*** Opening of Exercise materials ***

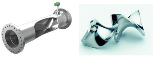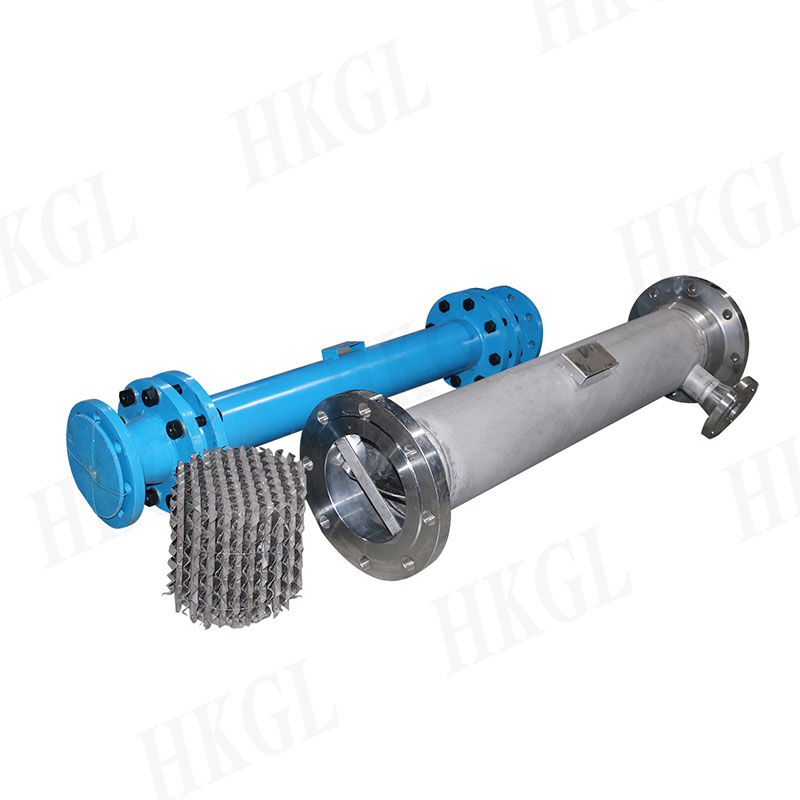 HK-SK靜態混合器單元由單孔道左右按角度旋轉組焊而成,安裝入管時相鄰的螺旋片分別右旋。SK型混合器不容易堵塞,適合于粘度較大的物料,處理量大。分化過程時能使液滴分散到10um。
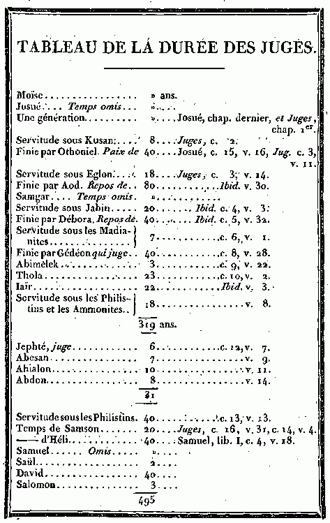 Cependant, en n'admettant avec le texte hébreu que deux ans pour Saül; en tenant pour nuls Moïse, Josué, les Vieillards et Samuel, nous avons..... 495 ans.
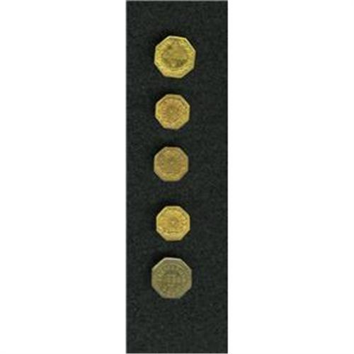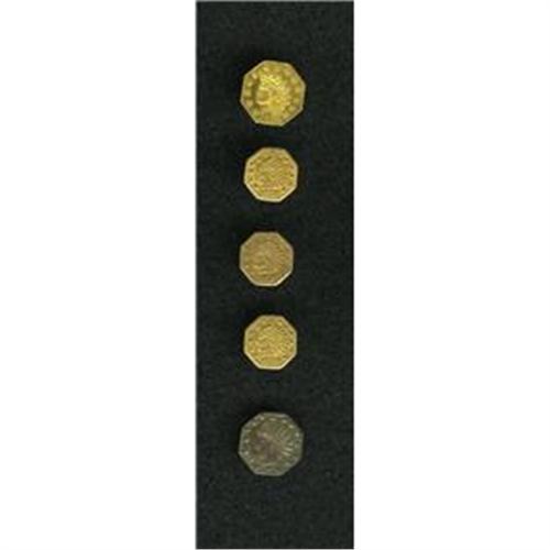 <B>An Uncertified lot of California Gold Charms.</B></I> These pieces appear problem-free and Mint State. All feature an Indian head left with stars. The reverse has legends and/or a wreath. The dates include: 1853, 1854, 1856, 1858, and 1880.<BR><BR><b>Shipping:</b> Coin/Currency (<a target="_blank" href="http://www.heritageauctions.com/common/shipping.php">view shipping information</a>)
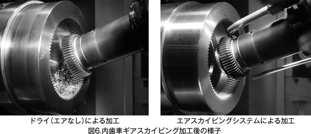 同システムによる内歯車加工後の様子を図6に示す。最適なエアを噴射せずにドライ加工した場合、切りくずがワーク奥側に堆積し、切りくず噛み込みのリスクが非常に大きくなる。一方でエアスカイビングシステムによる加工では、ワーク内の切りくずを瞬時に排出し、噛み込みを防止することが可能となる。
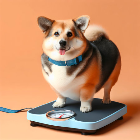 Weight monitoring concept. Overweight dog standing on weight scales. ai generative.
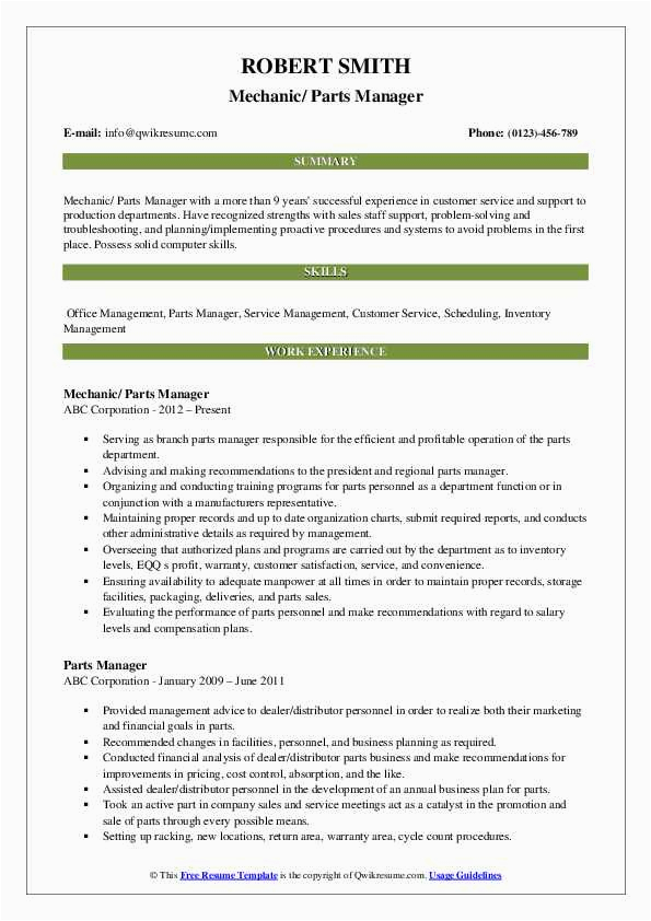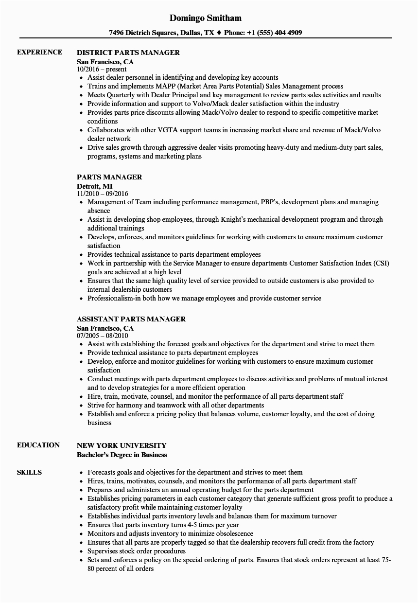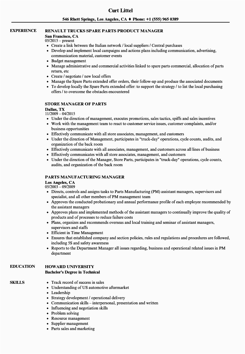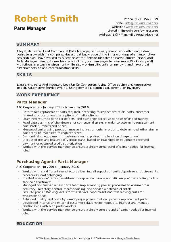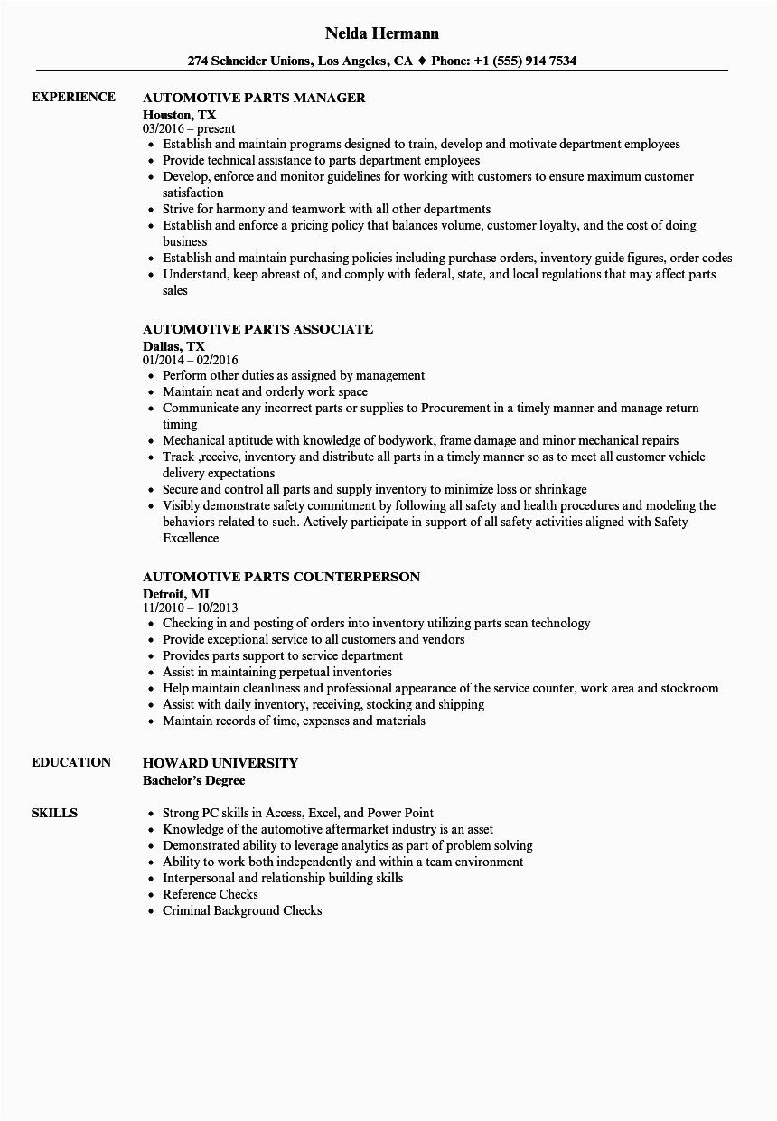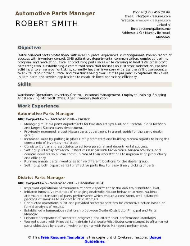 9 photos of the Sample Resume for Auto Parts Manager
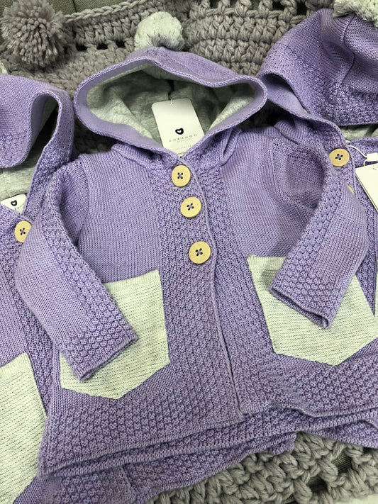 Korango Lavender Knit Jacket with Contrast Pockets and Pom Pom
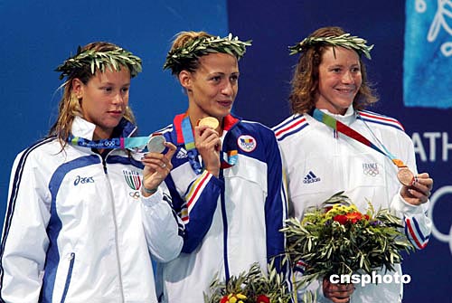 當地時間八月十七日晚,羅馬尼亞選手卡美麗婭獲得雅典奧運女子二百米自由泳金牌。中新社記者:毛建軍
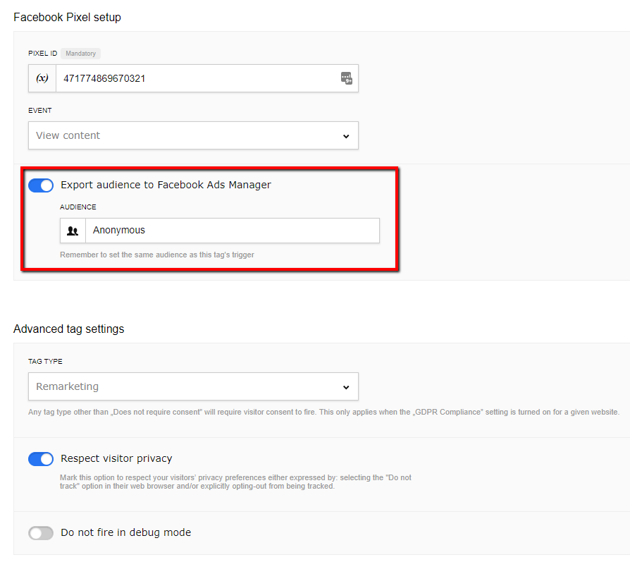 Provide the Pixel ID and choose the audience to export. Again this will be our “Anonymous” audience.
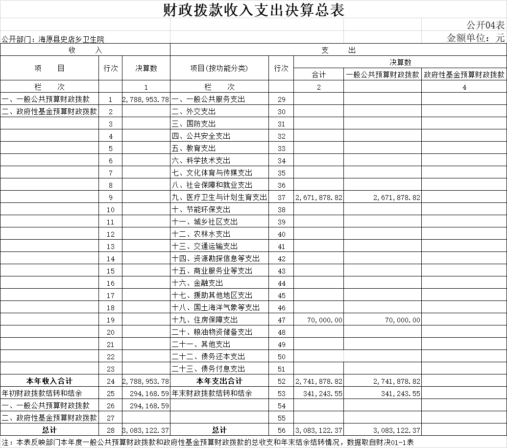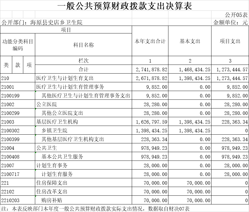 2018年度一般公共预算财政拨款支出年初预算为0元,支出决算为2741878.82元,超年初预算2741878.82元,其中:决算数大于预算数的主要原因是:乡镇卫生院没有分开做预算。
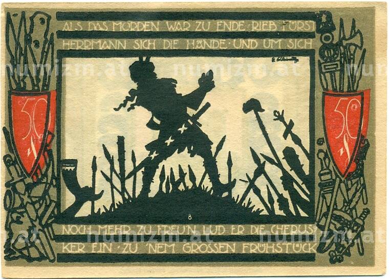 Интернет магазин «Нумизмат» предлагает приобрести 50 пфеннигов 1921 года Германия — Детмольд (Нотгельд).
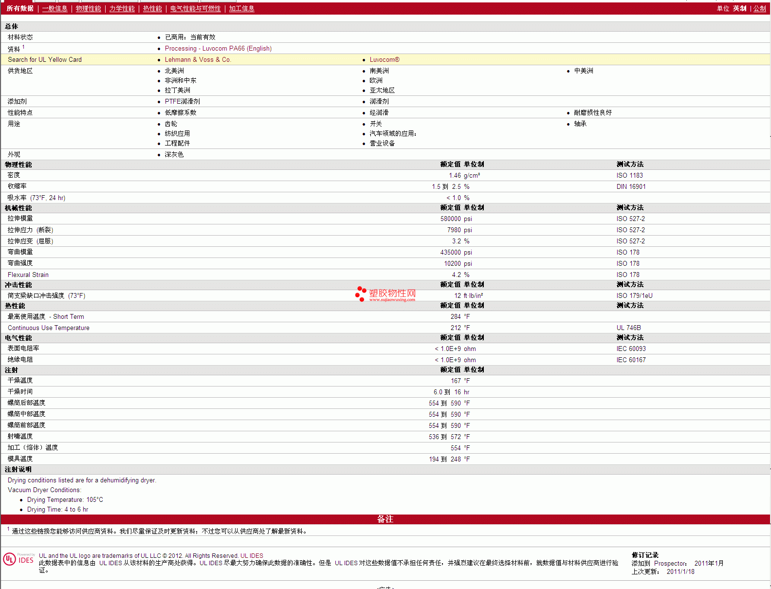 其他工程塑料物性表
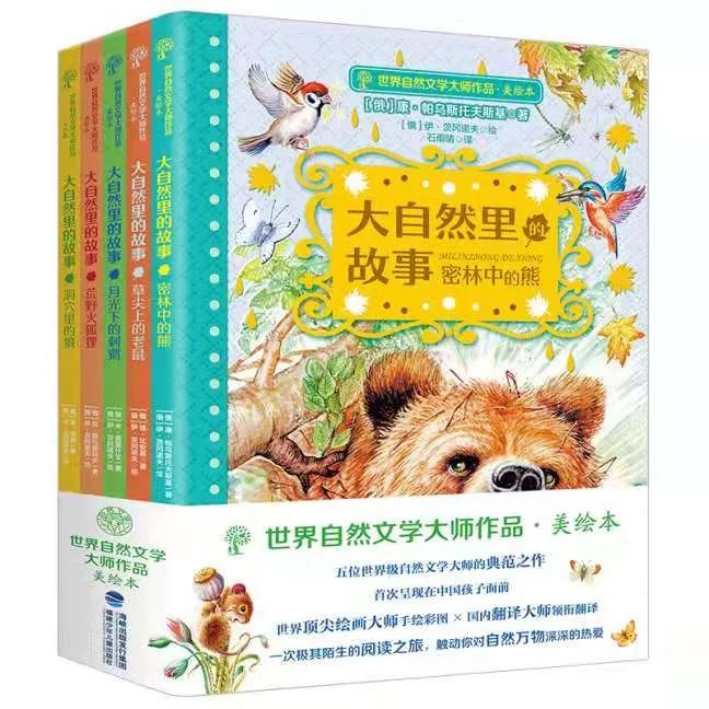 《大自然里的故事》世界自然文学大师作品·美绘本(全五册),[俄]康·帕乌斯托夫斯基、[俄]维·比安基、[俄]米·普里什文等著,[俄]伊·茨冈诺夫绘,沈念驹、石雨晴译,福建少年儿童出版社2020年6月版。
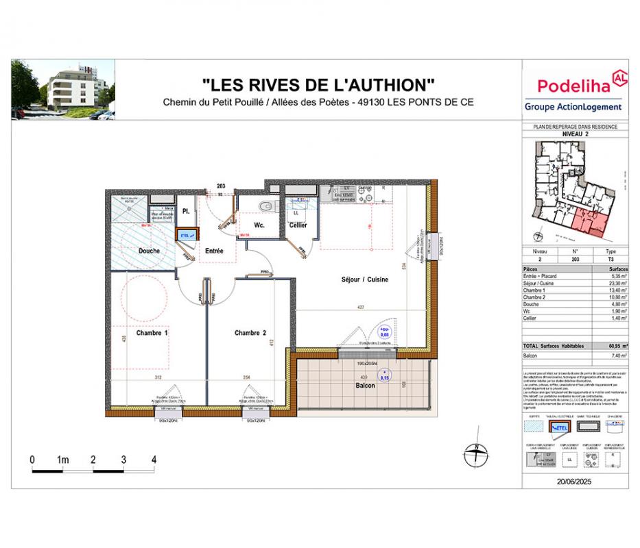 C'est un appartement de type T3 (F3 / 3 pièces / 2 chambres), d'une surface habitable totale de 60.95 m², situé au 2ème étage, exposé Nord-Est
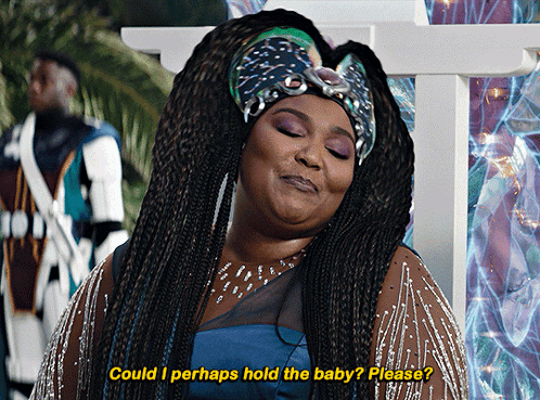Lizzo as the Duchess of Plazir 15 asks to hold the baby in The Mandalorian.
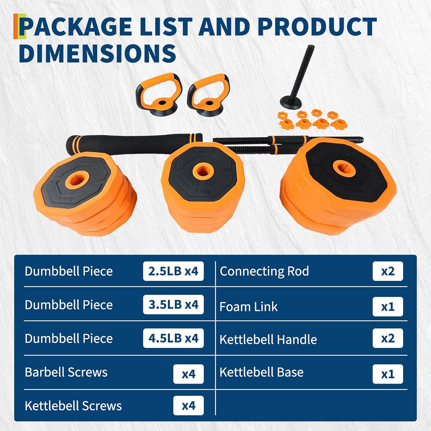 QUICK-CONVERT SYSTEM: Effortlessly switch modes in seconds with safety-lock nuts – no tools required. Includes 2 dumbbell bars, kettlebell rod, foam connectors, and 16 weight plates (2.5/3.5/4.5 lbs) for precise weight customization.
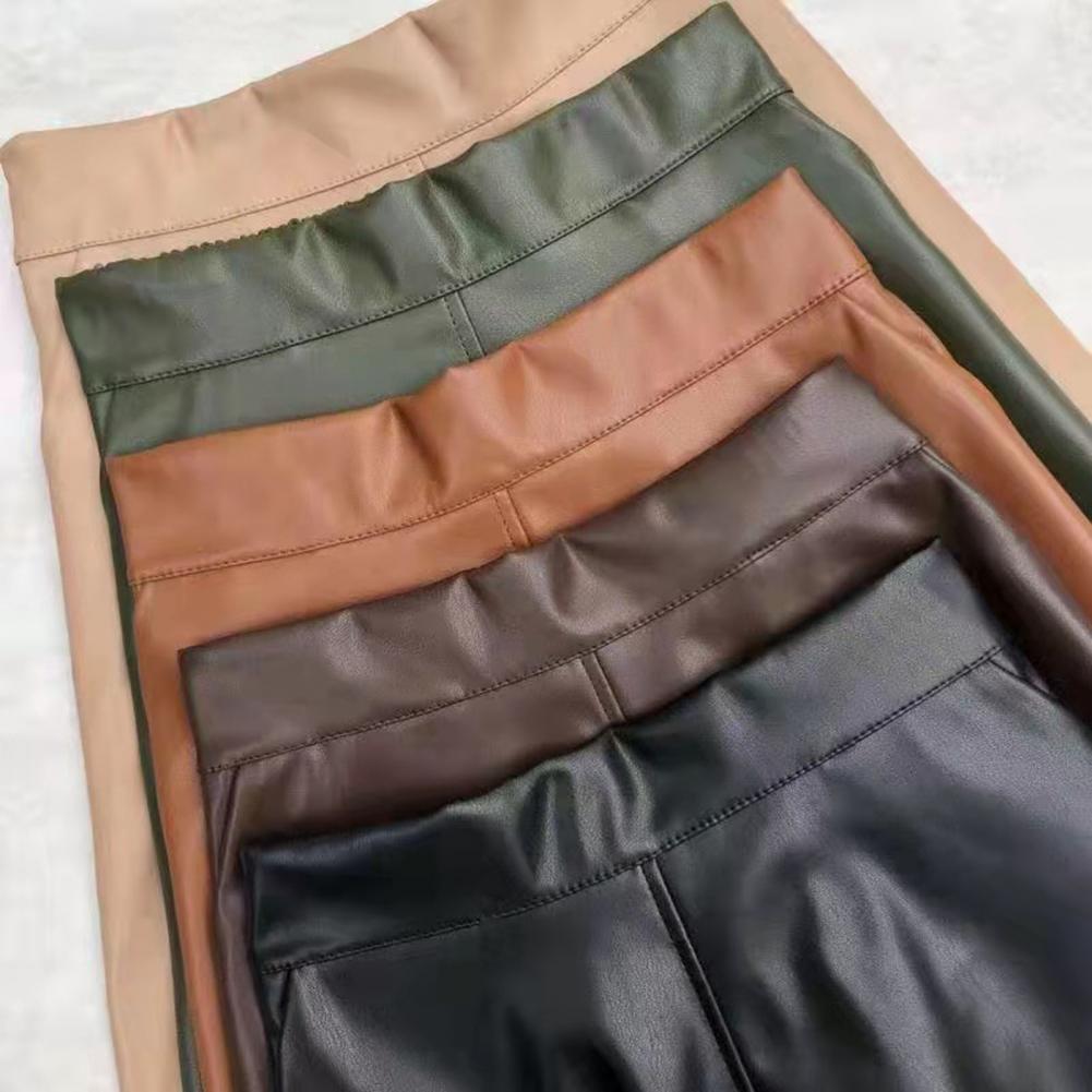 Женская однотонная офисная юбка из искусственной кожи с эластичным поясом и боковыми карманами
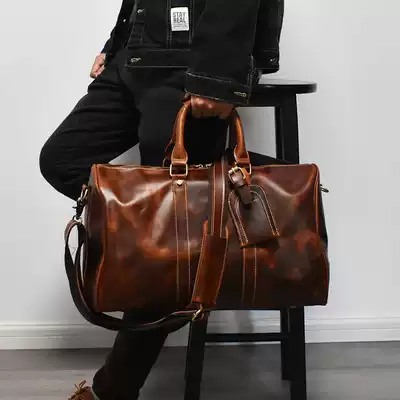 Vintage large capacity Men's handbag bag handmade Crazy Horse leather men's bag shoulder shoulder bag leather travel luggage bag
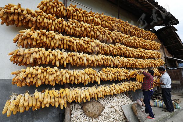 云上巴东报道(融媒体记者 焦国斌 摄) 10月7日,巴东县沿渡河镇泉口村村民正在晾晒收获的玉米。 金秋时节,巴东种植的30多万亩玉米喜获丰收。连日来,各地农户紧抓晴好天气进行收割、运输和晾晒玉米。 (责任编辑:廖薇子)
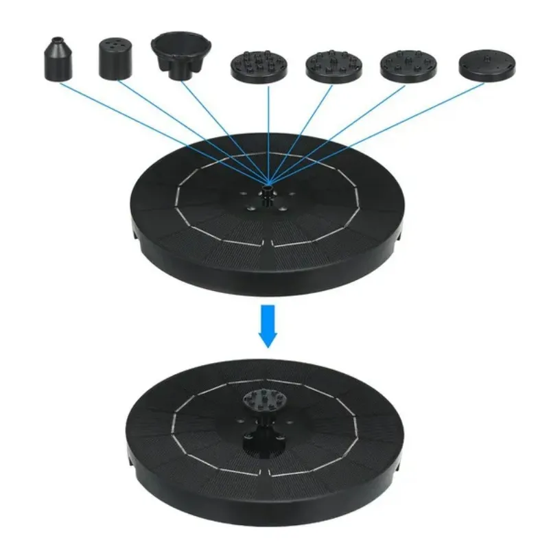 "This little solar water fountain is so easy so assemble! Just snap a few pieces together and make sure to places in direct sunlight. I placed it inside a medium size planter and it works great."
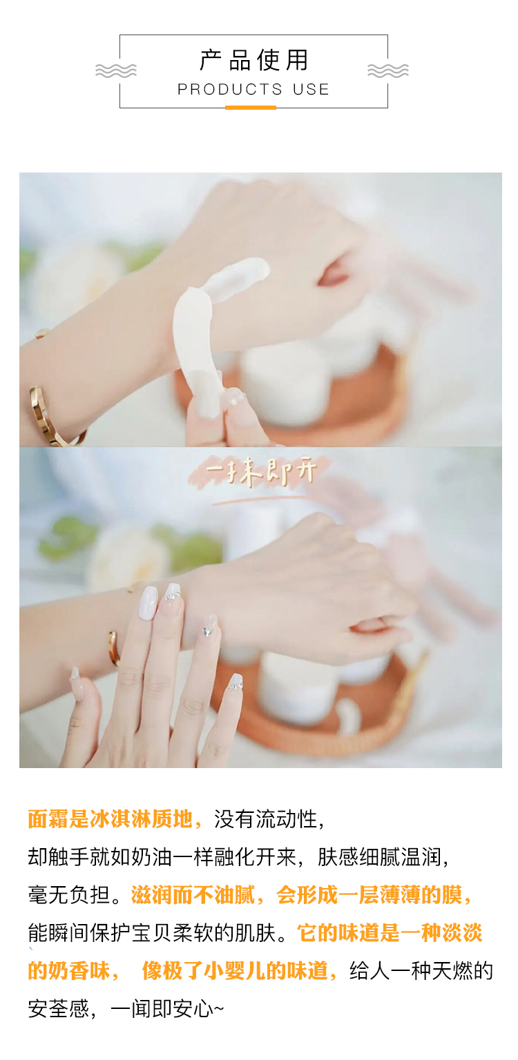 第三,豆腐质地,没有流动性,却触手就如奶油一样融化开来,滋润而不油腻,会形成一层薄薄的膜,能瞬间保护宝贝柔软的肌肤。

*** Close of Exercise materials ***

- **Exercise description**
All lines from the one containing "Lizzo as the" through the end of the entries, both ends included, should be written out exactly, with no pictures.

- **Task solution**
Lizzo as the Duchess of Plazir 15 asks to hold the baby in The Mandalorian.
 QUICK-CONVERT SYSTEM: Effortlessly switch modes in seconds with safety-lock nuts – no tools required. Includes 2 dumbbell bars, kettlebell rod, foam connectors, and 16 weight plates (2.5/3.5/4.5 lbs) for precise weight customization.
 Женская однотонная офисная юбка из искусственной кожи с эластичным поясом и боковыми карманами
 Vintage large capacity Men's handbag bag handmade Crazy Horse leather men's bag shoulder shoulder bag leather travel luggage bag
 云上巴东报道(融媒体记者 焦国斌 摄) 10月7日,巴东县沿渡河镇泉口村村民正在晾晒收获的玉米。 金秋时节,巴东种植的30多万亩玉米喜获丰收。连日来,各地农户紧抓晴好天气进行收割、运输和晾晒玉米。 (责任编辑:廖薇子)
 "This little solar water fountain is so easy so assemble! Just snap a few pieces together and make sure to places in direct sunlight. I placed it inside a medium size planter and it works great."
 第三,豆腐质地,没有流动性,却触手就如奶油一样融化开来,滋润而不油腻,会形成一层薄薄的膜,能瞬间保护宝贝柔软的肌肤。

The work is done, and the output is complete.